警備会社には、必ず一人はいる。
声が大きい。
指示が鋭い。
現場を引き締める。
そして新人には、やたら厳しい。
私が勝手に「キャプテン隊長」と呼んでいた男が、まさにそうだった。
初めて一緒の現場になった日のことを、今でもよく覚えている。
私は入社したばかりで、交通誘導もまだぎこちなかった。
歩行者への声かけも遠慮がちだった。
すると無線から声が飛んできた。
「もっと歩行者を見て誘導してください!」
「了解です。なるべくそうします。」
私は何気なく返事をした。
次の瞬間だった。
「『なるべく』とは何だー!」
無線が割れんばかりの大声だった。
周りの隊員まで一瞬黙る。
私は思わず顔をしかめた。
(なんだ、この人。)
こちらも短気である。
理不尽に怒鳴られるのは昔から好きではない。
広告代理店でも、飲食店でも、言い返してしまう性格だった。
だから、この隊長とも何度か小競り合いになった。
向こうも、
「うるさい新人だ。」
そう思っていただろう。
私も、
「ずいぶん偉そうな隊長だな。」
と思っていた。
年齢も、たぶん私より少し若い。
それでも指示の出し方は、まるで高校野球のキャプテンだった。
だから私は心の中で彼を「キャプテン隊長」と呼ぶようになった。
ところが、その印象をひっくり返す出来事が起きる。
入社して二年目の夏だった。
東京の暑さは異常だった。
アスファルトから照り返す熱。
空気まで熱い。
誘導棒を握る手にも力が入らない。
その日、私は自分でも気づかないうちに熱中症になっていた。
足元がふらつく。
言葉がうまく出てこない。
自分では普通に話しているつもりなのに、周りから見ると様子がおかしかったらしい。
誰かが無線で報告した。
すると、あのキャプテン隊長が駆け寄ってきた。
私はまた怒鳴られるのかと思った。
ところが違った。
「どうした?」
その声は驚くほど静かだった。
私の腕を支えながら、公園の木陰まで連れていく。
「ここで休もう。」
「静かにして。」
私は申し訳なくなり、
「すみません……。」
と言おうとした。
すると彼は、少し強い口調で言った。
「いいから黙って。」
「今は何もしゃべらなくていい。」
いつもの怒っている表情とは全く違った。
助けようとしていたのだ。

それから支社へ連絡が入り、迎えの車が来た。
冷房の効いた車内で体を冷やし、その日はそのまま帰宅した。
意識がぼんやりする中で、最後まで覚えているのは、キャプテン隊長の落ち着いた表情だった。
あの日から私は、彼の呼び名を変えた。
「熱中キャプテン。
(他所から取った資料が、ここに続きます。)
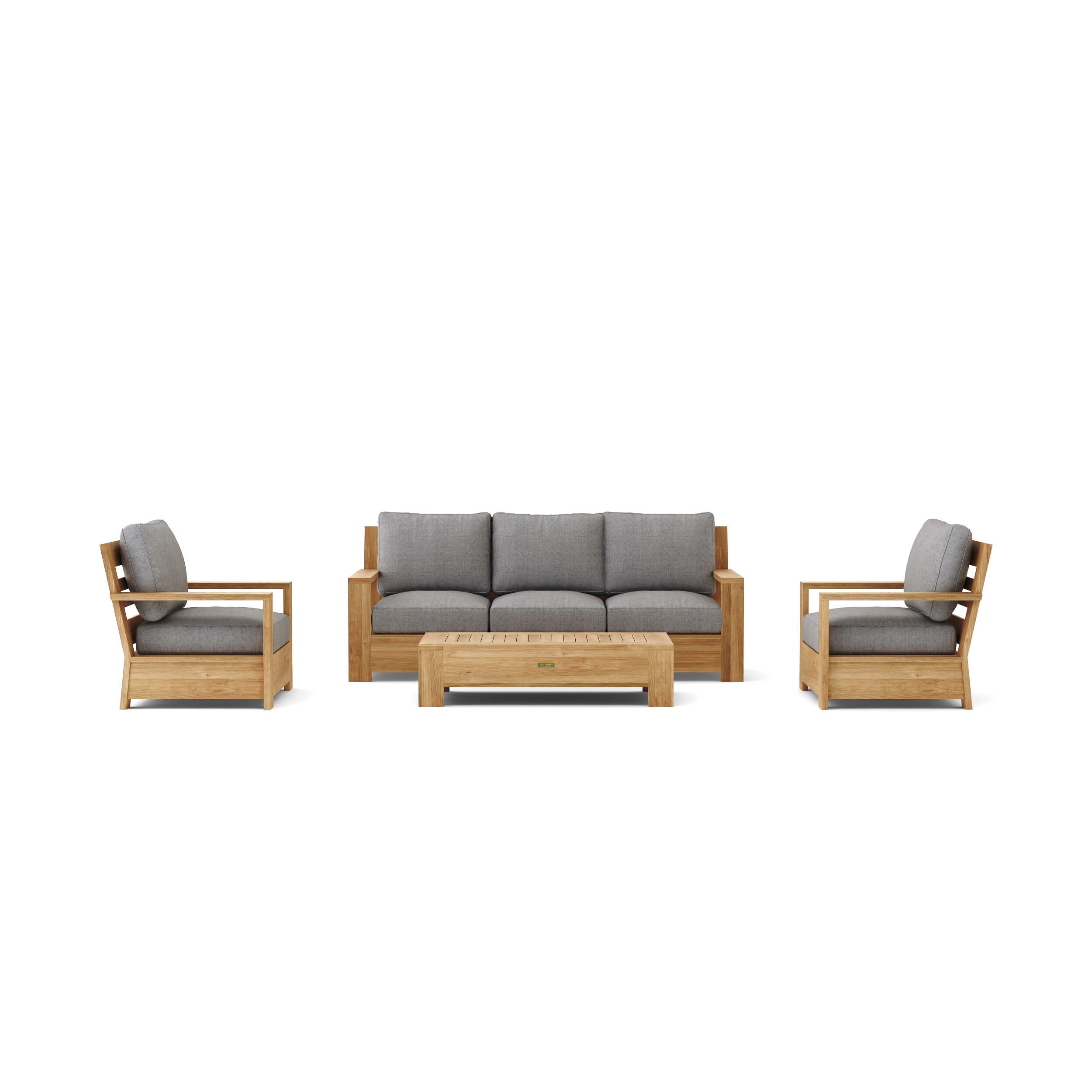 A mix of modern and classical design, this Madera Deep Seating Set is sure to amaze with its straight solid arm design contrasting the arched curvature of its legs and back. A platform deep seater that’s sturdy, solid all around, and manufactured from premium grade solid teak wood, it’s treated unfinished and sanded smooth for a natural finish. Ergonomically comfortable and aesthetically pleasing, careful attention was placed on the design of the seats back for optimal lumbar comfort and back support while maintaining artistic quality with its unique slats pattern design. Includes 6”cushions from All-Weather Sunbrella Fabrics with color and pattern options.

」
熱中症から助けてくれたキャプテン。
口うるさい。
厳しい。
新人には容赦がない。
だけど、本当に人が困ったときには、一番先に動く。
それが彼だった。
あの日、私は初めて彼の本当の姿を見た気がした。
厳しさは、人を見捨てるためではなかった。
事故を起こさせないためだった。
命を守るためだった。
警備という仕事は、安全を守る仕事である。
だから隊長は厳しい。
その意味が、ようやく分かった。
帰宅してから、昔見た映画の宣伝のナレーションを思い出した。
「男はタフでなければ生きていけない。やさしくなければ生きていく資格がない。」
レイモンド・チャンドラーの作品だったよな、確か。
少し言葉は違うかもしれない。まあいいや。
けれど、あの日のキャプテン隊長を思い出すたびに、この言葉が胸によみがえる。
警備会社には、怒鳴る人もいる。
変わった人もいる。
個性の強い人ばかりだ。
だが、その制服の奥には、思いもよらない優しさを隠している人がいる。
熱中キャプテンは、そんなことを私に教えてくれた。
だから私は今でも、夏になるたびに思い出す。
あの暑い日、公園の木陰で、
「黙って、静かに休んでいればいい。」
と言ってくれた、あの一言を。

「男はタフでなければ生きていけない。
やさしくなければ生きていく資格がない。」
「警備員の証明」とでもいいますか。。。